__EXERCISE REQUIREMENTS__: Write out every line exactly, from the start of the records below to the line with "鲨鱼袜子学生高筒运动长袜中筒潮百搭双杠条纹ins长筒黑色黑白", and stop there. Don't write out the pictures.

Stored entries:
════
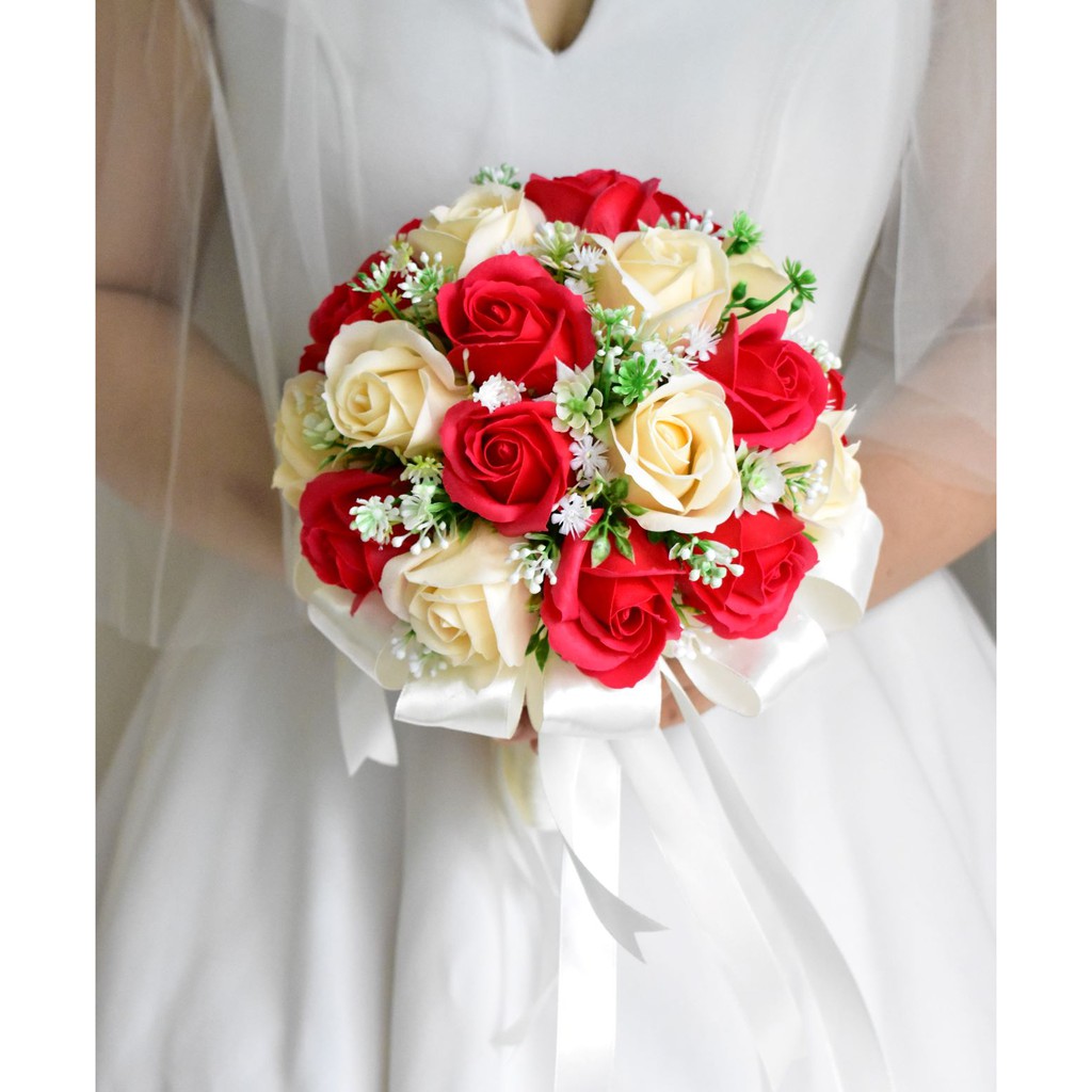 Nhà cửa & Đời sống > Trang trí nhà cửa > Hoa trang trí || BÓ HOA CƯỚI CẦM TAY CÔ DÂU BẰNG HOA HỒNG SÁP THƠM MÀU ĐỎ, TẶNG KÈM HOA CÀI ÁO CHÚ RỂ
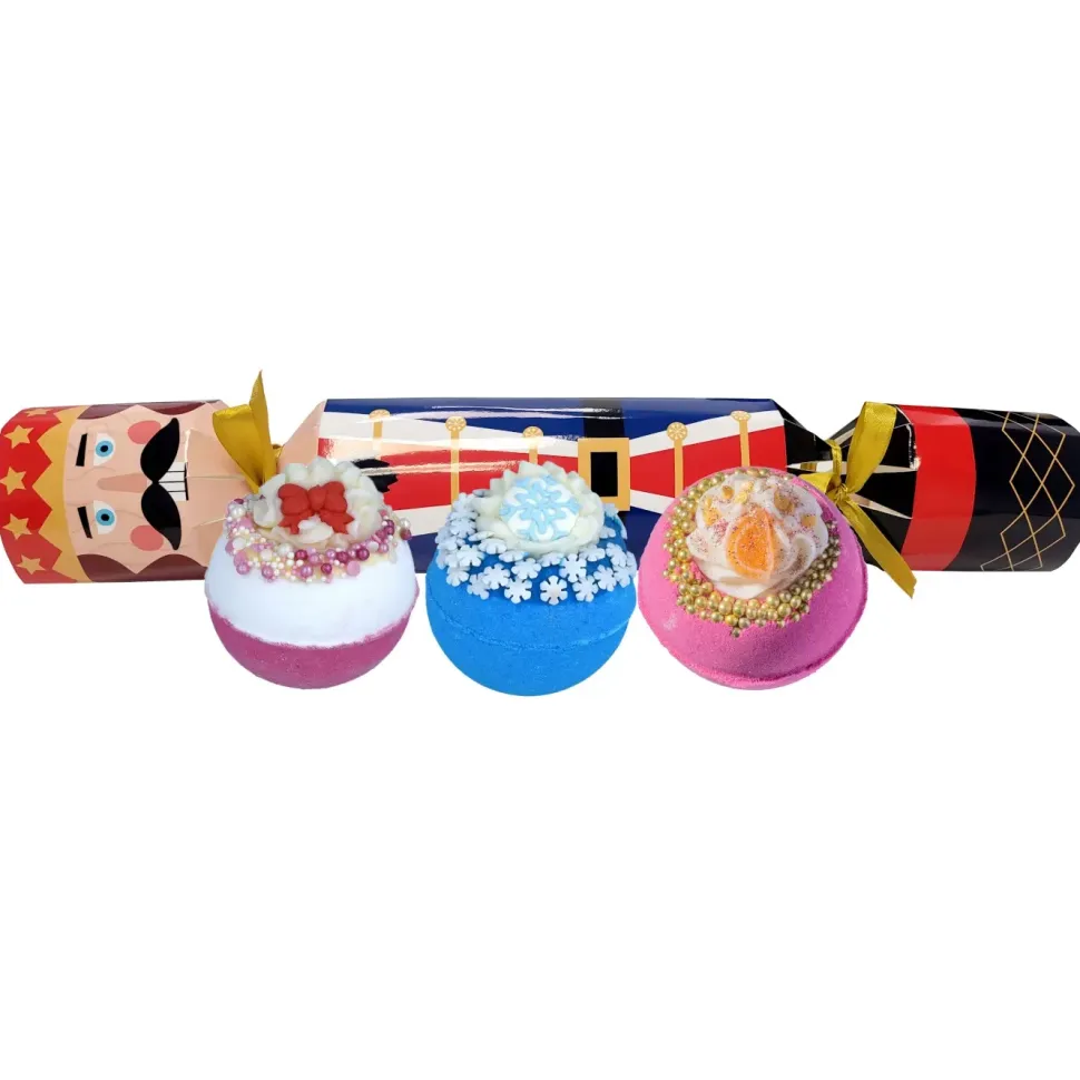 Dziadek do orzechów siedzi pod świątecznym drzewem, strażnik opowieści z dzieciństwa i ręcznierobionych prezentów! Otwórz go, aby odkryć 3 ręcznie robione kule do kąpieli, które z pewnościąsprawią, że poczujesz się słodszy niż cukrowa wróżka!
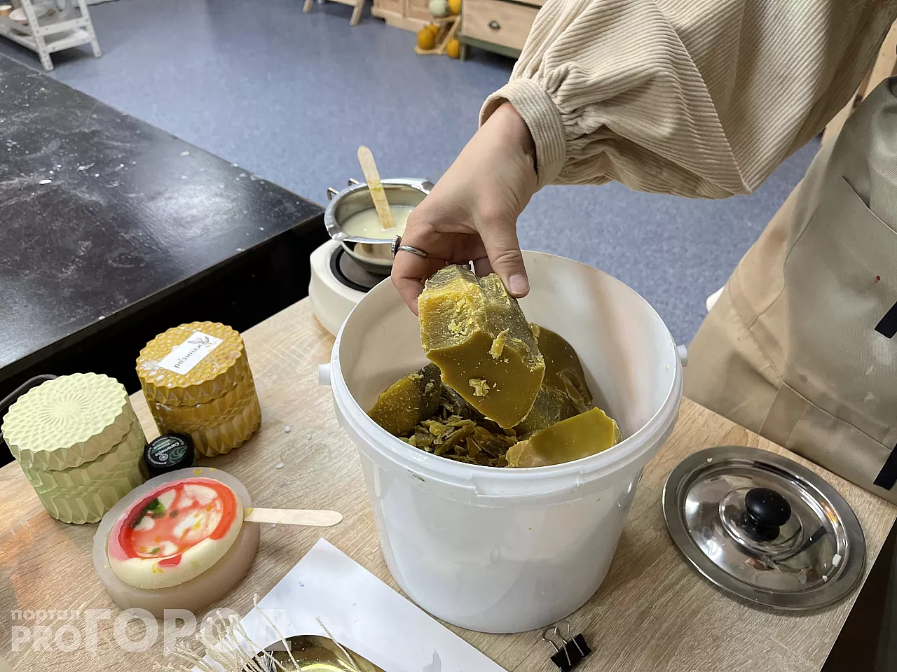 Следующий этап в создании свечей на основе советских украшений – подготовка материала для свечей. Для этого используется обычный свечной воск, который можно найти на маркетплейсах. Впрочем, часть воска в мастерской Оксаны приехала из ее родной деревни:
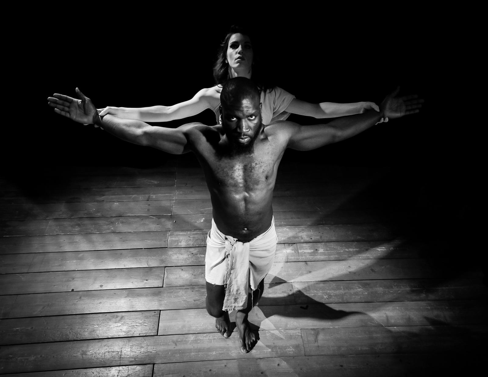 Dans ce cliché Lynoa qui selon l’oeuvre original fait succomber le Christ sous son poid a le visge tourné vers le sol, dans l’ombre et son corps est dans un équliibre précaire ce qui la rends tout de suite moins imposante et plus fragile que le serait la Croix. Ange lui nous envoie une regard profond et déterminé, la lumière éclaire la moitié de son visage et souligne sa musculature… on est loin du martyre peinant à se relever habituellement représenté. On ne doute pas du fait qu’Ange va se relever, toutefois l’ombre projetée par leur deux corps semble écraser Ange.
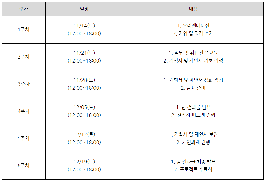 연결된 기업의 과제에 대해서 설명을 듣고 6주동안 결과물을 만들어갑니다.
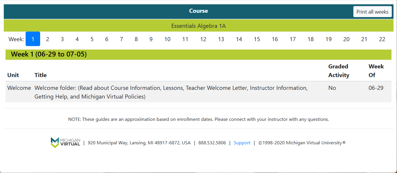 - As a result, a new tab will open to display the current weeks assignments. Each week number will be linked and if selected will display the assignments in a table below. To print a copy of this pacing guide, click the “Print all weeks” button in the upper right corner.
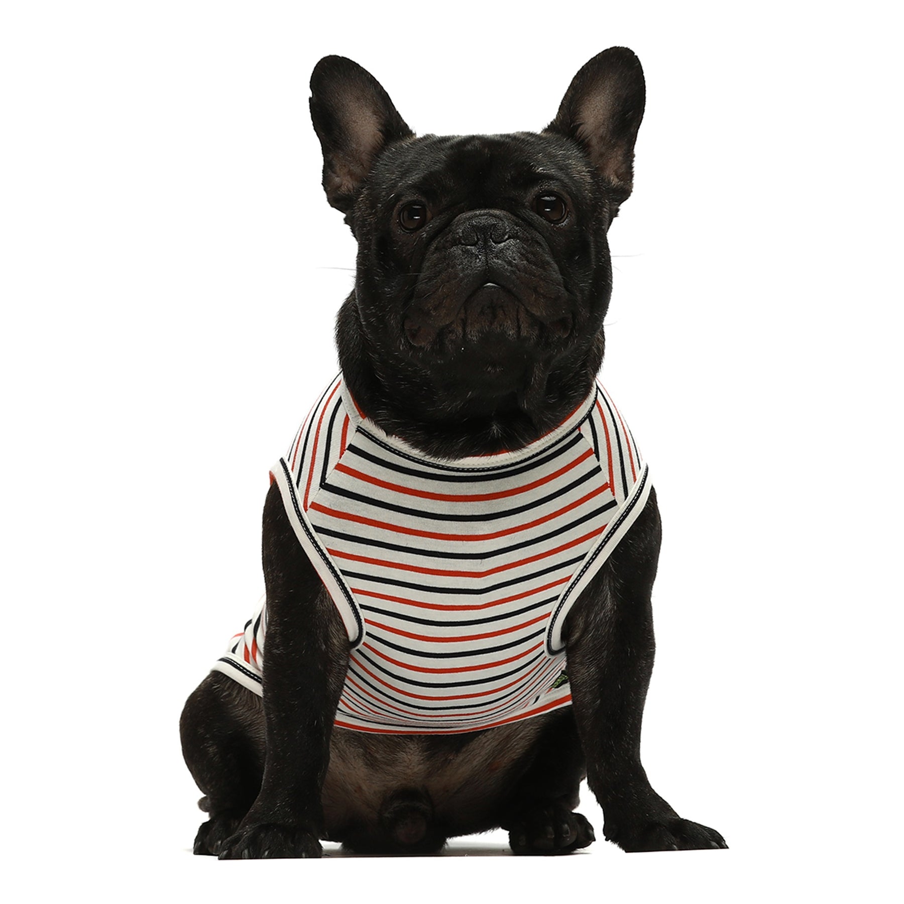 French Bulldog in striped cotton shirt, red, black, and white stripes
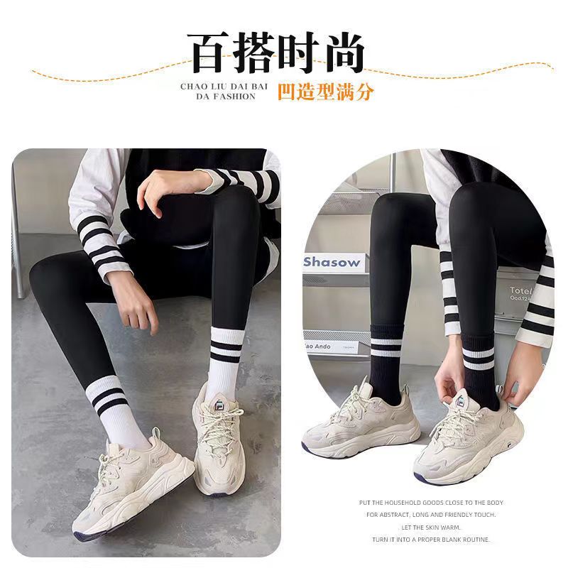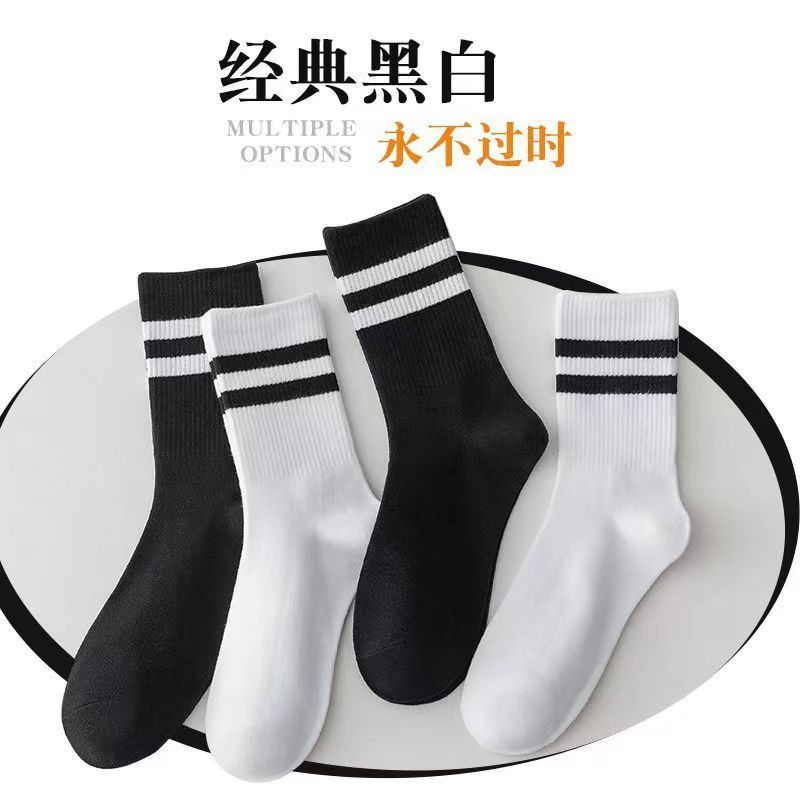 鲨鱼袜子学生高筒运动长袜中筒潮百搭双杠条纹ins长筒黑色黑白
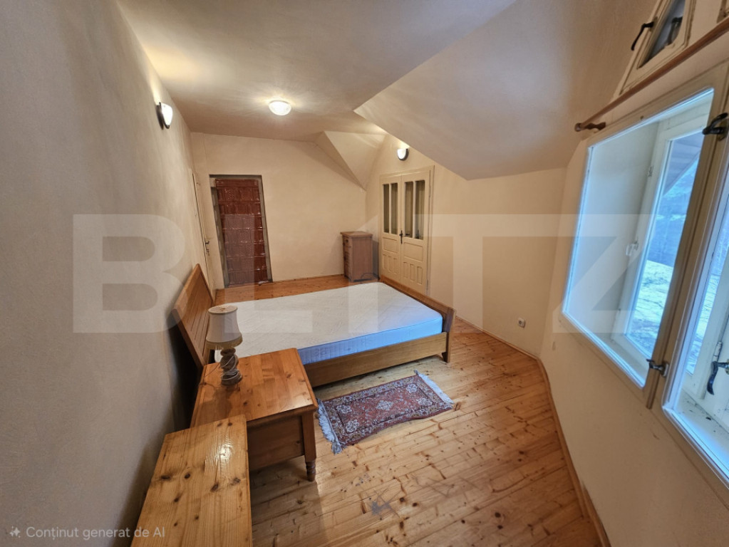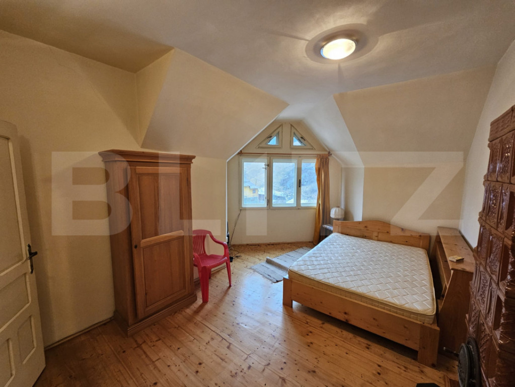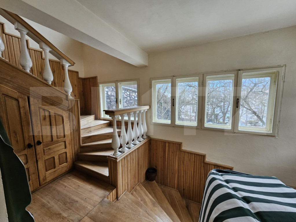Situată în pitoreasca localitate Scărișoara, la drumul principal și cu acces facil în orice anotimp, această proprietate impresionează prin amplasarea sa privilegiată și prin panorama spectaculoasă asupra dealurilor și munților din jur, precum și asupra râului care curge liniștit chiar lângă casă. Cu o suprafață utilă de 286 mp, casa este construită din piatră, oferind durabilitate, autenticitate și un farmec aparte specific zonei montane. Proprietatea beneficiază de priveliști uimitoare, ce pot fi admirate prin numeroasele ferestre mari care inundă interiorul cu lumină naturală. Compartimentare practică și generoasă: 5 camere, dintre care 4 dormitoare la etaj Living spațios la intrare, ideal pentru momente petrecute în familie Al doilea spațiu de relaxare la etaj, în zona scării interioare Bucătărie la parter, cu cămară 2 băi (parter și etaj) Hol la etaj, larg și luminos Balcon la unul dintre dormitoare, cu vedere superbă către munte Casa dispune de scară interioară solidă, trei intrări separate și acces în curte din trei puncte diferite, oferind flexibilitate și funcționalitate sporită. La demisol se află un beci generos, care poate fi amenajat ca spațiu de relaxare, zonă de odihnă sau pentru diverse activități recreative. Exteriorul completează perfect atmosfera de refugiu montan: Terasă și zonă special amenajată pentru picnic Grădină cu pomi Teren de 2.699 mp de fâneață, cu acces direct din curte Garaj separat, construit ca anexă la drumul principal, cu 2 locuri de parcare Încă un loc de parcare în curte Utilități și dotări: Curent electric Apă Sobe din teracotă Proprietatea se vinde mobilată și utilată Această casă este ideală atât ca locuință permanentă, cât și ca reședință de vacanță sau investiție în turism, oferind liniște, aer curat și o conexiune autentică cu natura, într-un cadru montan deosebit. Cod ofertă / ID BLITZ: P164365 Id intern: P164365
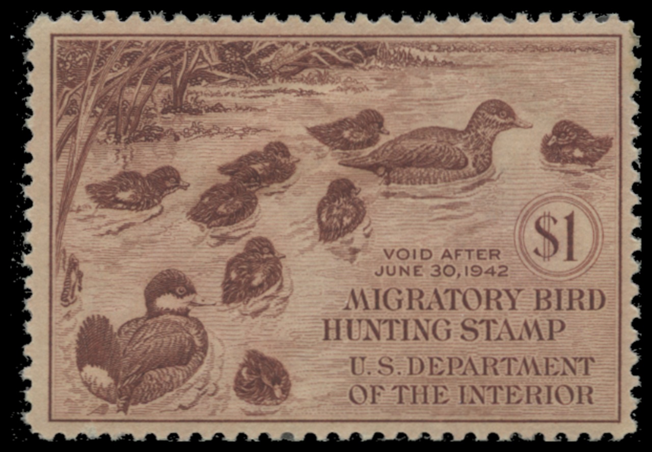 RW8 1941 Federal Duck Stamp. Mint Lightly Hinged. Fine - Very Fine. Family of Ruddy Ducks by E. R. Kalmbach.
════
__TASK ANSWER__:
 Nhà cửa & Đời sống > Trang trí nhà cửa > Hoa trang trí || BÓ HOA CƯỚI CẦM TAY CÔ DÂU BẰNG HOA HỒNG SÁP THƠM MÀU ĐỎ, TẶNG KÈM HOA CÀI ÁO CHÚ RỂ
 Dziadek do orzechów siedzi pod świątecznym drzewem, strażnik opowieści z dzieciństwa i ręcznierobionych prezentów! Otwórz go, aby odkryć 3 ręcznie robione kule do kąpieli, które z pewnościąsprawią, że poczujesz się słodszy niż cukrowa wróżka!
 Следующий этап в создании свечей на основе советских украшений – подготовка материала для свечей. Для этого используется обычный свечной воск, который можно найти на маркетплейсах. Впрочем, часть воска в мастерской Оксаны приехала из ее родной деревни:
 Dans ce cliché Lynoa qui selon l’oeuvre original fait succomber le Christ sous son poid a le visge tourné vers le sol, dans l’ombre et son corps est dans un équliibre précaire ce qui la rends tout de suite moins imposante et plus fragile que le serait la Croix. Ange lui nous envoie une regard profond et déterminé, la lumière éclaire la moitié de son visage et souligne sa musculature… on est loin du martyre peinant à se relever habituellement représenté. On ne doute pas du fait qu’Ange va se relever, toutefois l’ombre projetée par leur deux corps semble écraser Ange.
 연결된 기업의 과제에 대해서 설명을 듣고 6주동안 결과물을 만들어갑니다.
 - As a result, a new tab will open to display the current weeks assignments. Each week number will be linked and if selected will display the assignments in a table below. To print a copy of this pacing guide, click the “Print all weeks” button in the upper right corner.
 French Bulldog in striped cotton shirt, red, black, and white stripes
 鲨鱼袜子学生高筒运动长袜中筒潮百搭双杠条纹ins长筒黑色黑白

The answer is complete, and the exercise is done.